### What is being asked
Could you transcribe each entry below exactly, minus the images?

### Material provided
· · · · · · ·

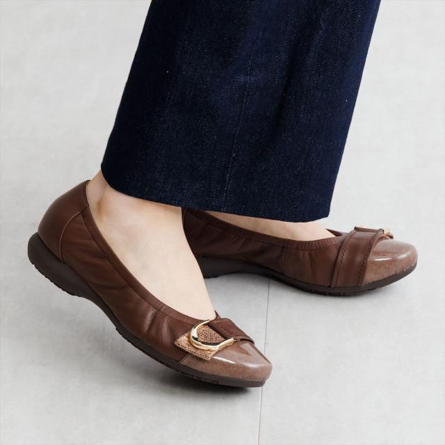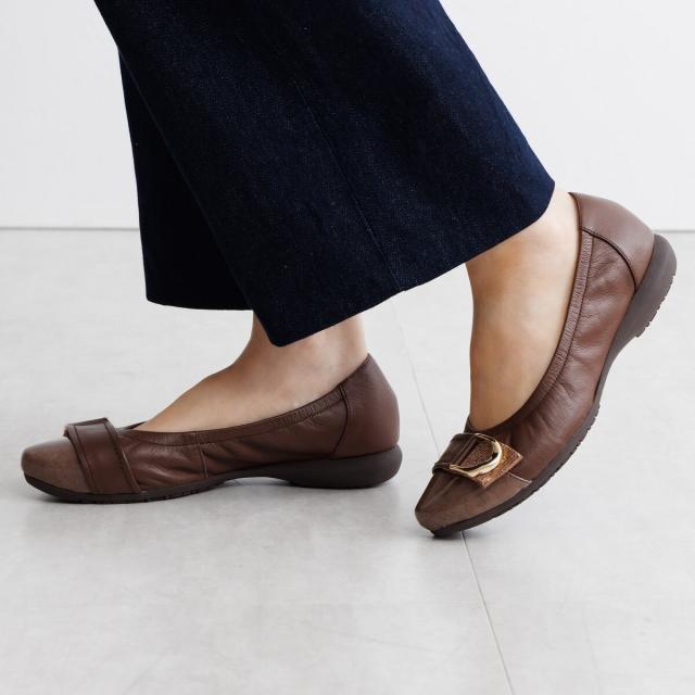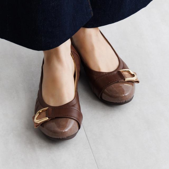 中底全体に入った低反発クッションが足にフィットし、長時間の歩行でも快適な履き心地です。 グレイッシュなカラーが上品なブルー、ゴールドのメタルパーツが華やかな印象のブラウン。
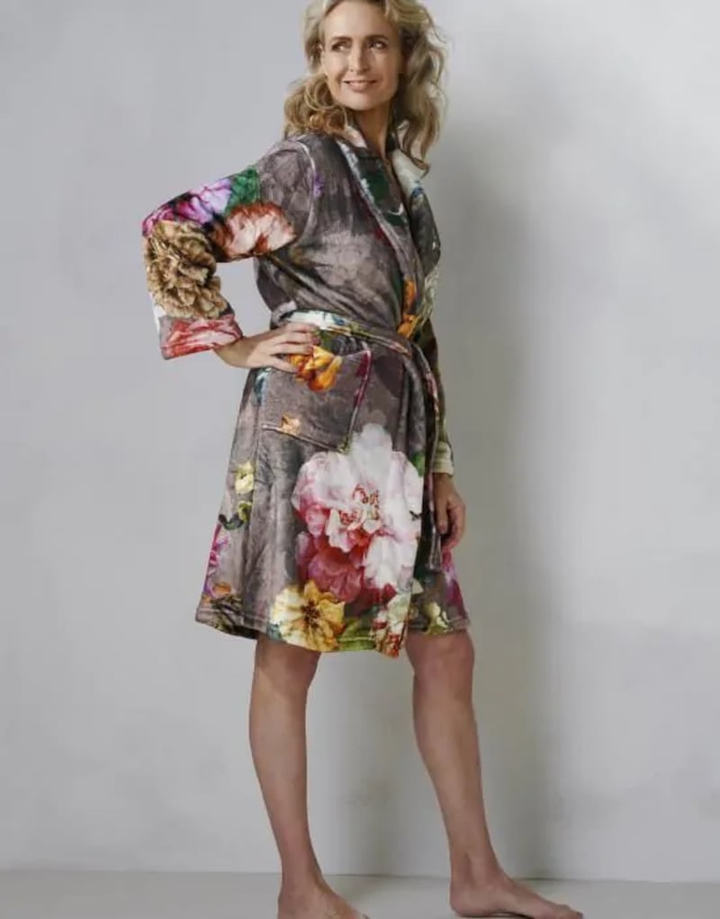 Denne M Fleur badekåbe i farven taupe er lavet af 100% polyester, hvilket gør den blød og behagelig at have på. Badekåben er fra mærket Essenza og er af høj kvalitet. Den er perfekt til at tage på efter et varmt bad eller som en hyggelig morgenkåbe. Badek
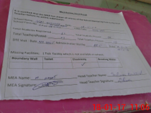| Attendance Register | Head Teacher | MEA with School | Visit Proof |
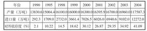 年份199019951998199920002001200220032004产量(万吨)13830.615004.416100.016000.016300.016395.916700.016960.0117587.3进口量(万吨)292.31709.02732.03661.47026.56026.06940.69102.012272.0对外依存度(%)2.110.2214.518.6230.1226.8729.3534.9241.09
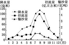 2、单选题 图为我国某河流中游水文观测站测得的多年月平均降水量、径流量、输沙量变化图。读图回答问题。
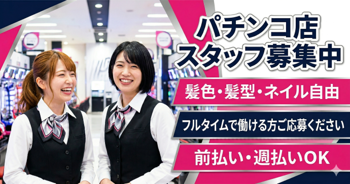 PR・職場情報 【 オシャレも収入も、どっちも欲張る! 】 *・。・*・。・*・。・*・。・* 髪色・ネイル・ピアス自由 「自分らしさ」全開で働けます♪ *・。・*・。・*・。・*・。・* 「推し活資金を貯めたい」「美容代に回したい」 ◎そんな理由で応募される方も多数です◎ 【 当求人のここがPoint! 】 ◎ 重い玉運びは一切なし! ⇒力に自信が無くても大丈夫♪ ◎ 未経験でも最初から高時給スタート! ⇒研修中も給与カットなしで稼げます ◎ 日払い・前払い制度あり ⇒「今月ピンチ!」の強い味方です! ◎ シフト相談も柔軟に対応 ⇒平日のみ・週末のみ…ワガママOK! ━━━━━━━━━━━━━━━━━ フリーターさん 多数活躍中 ━━━━━━━━━━━━━━━━━ ☆ 週5でガッツリ稼ぎたい派も、 プライベート優先派もご応募下さい ☆ 夢を追うあなたも全力で応援中! 声優・モデル・バンドなど 夢と両立している仲間が多数活躍しています ━━━━━━━━━━━━━━━━━
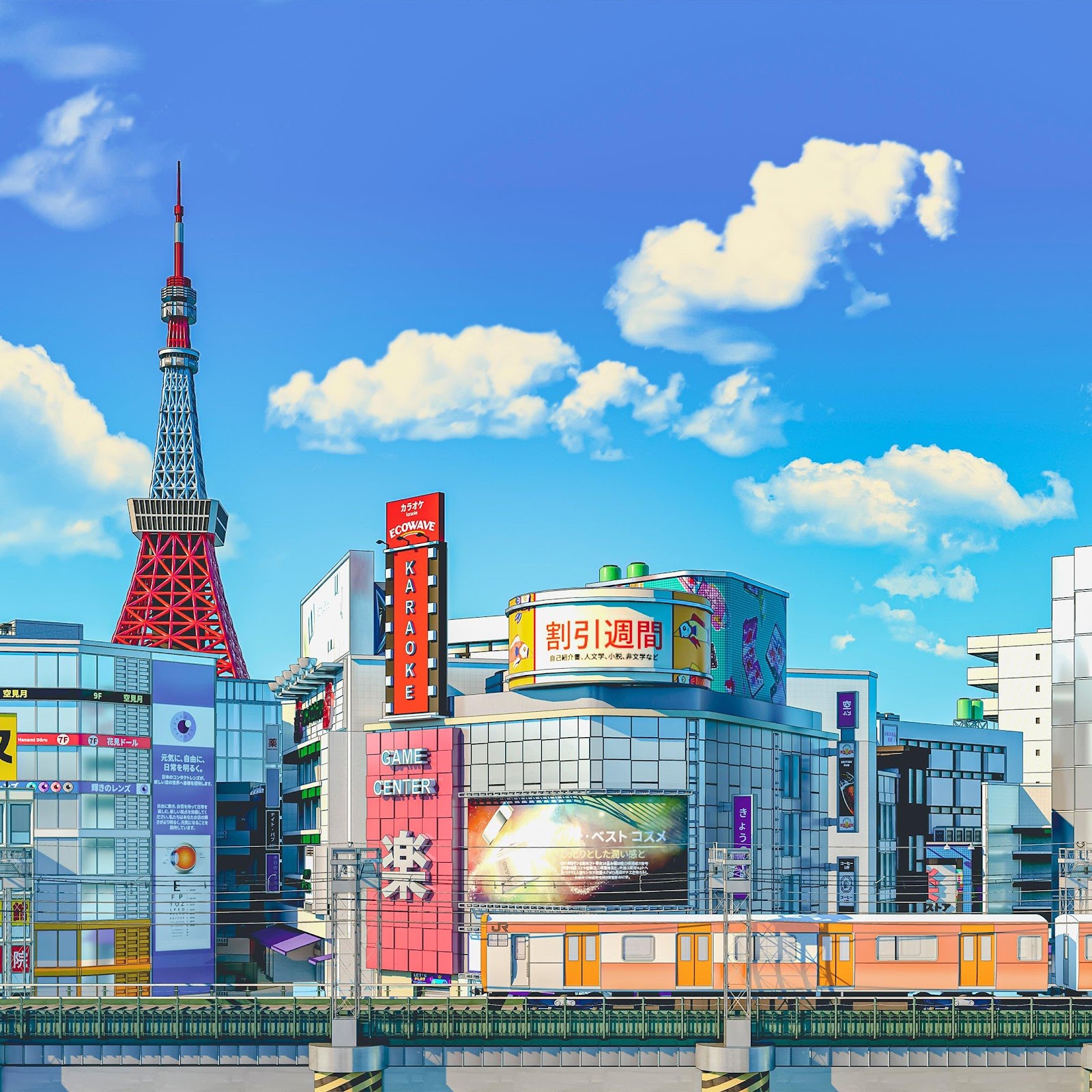 Tokyo, Anime Cityscape, Japan, Urban Scene 4K Desktop and Mobile Wallpaper Background with a maximum resolution of 3840x2160 px.

· · · · · · ·

### Answer to this problem
 中底全体に入った低反発クッションが足にフィットし、長時間の歩行でも快適な履き心地です。 グレイッシュなカラーが上品なブルー、ゴールドのメタルパーツが華やかな印象のブラウン。
 Denne M Fleur badekåbe i farven taupe er lavet af 100% polyester, hvilket gør den blød og behagelig at have på. Badekåben er fra mærket Essenza og er af høj kvalitet. Den er perfekt til at tage på efter et varmt bad eller som en hyggelig morgenkåbe. Badek
| Attendance Register | Head Teacher | MEA with School | Visit Proof |
 年份199019951998199920002001200220032004产量(万吨)13830.615004.416100.016000.016300.016395.916700.016960.0117587.3进口量(万吨)292.31709.02732.03661.47026.56026.06940.69102.012272.0对外依存度(%)2.110.2214.518.6230.1226.8729.3534.9241.09
 2、单选题 图为我国某河流中游水文观测站测得的多年月平均降水量、径流量、输沙量变化图。读图回答问题。
 PR・職場情報 【 オシャレも収入も、どっちも欲張る! 】 *・。・*・。・*・。・*・。・* 髪色・ネイル・ピアス自由 「自分らしさ」全開で働けます♪ *・。・*・。・*・。・*・。・* 「推し活資金を貯めたい」「美容代に回したい」 ◎そんな理由で応募される方も多数です◎ 【 当求人のここがPoint! 】 ◎ 重い玉運びは一切なし! ⇒力に自信が無くても大丈夫♪ ◎ 未経験でも最初から高時給スタート! ⇒研修中も給与カットなしで稼げます ◎ 日払い・前払い制度あり ⇒「今月ピンチ!」の強い味方です! ◎ シフト相談も柔軟に対応 ⇒平日のみ・週末のみ…ワガママOK! ━━━━━━━━━━━━━━━━━ フリーターさん 多数活躍中 ━━━━━━━━━━━━━━━━━ ☆ 週5でガッツリ稼ぎたい派も、 プライベート優先派もご応募下さい ☆ 夢を追うあなたも全力で応援中! 声優・モデル・バンドなど 夢と両立している仲間が多数活躍しています ━━━━━━━━━━━━━━━━━
 Tokyo, Anime Cityscape, Japan, Urban Scene 4K Desktop and Mobile Wallpaper Background with a maximum resolution of 3840x2160 px.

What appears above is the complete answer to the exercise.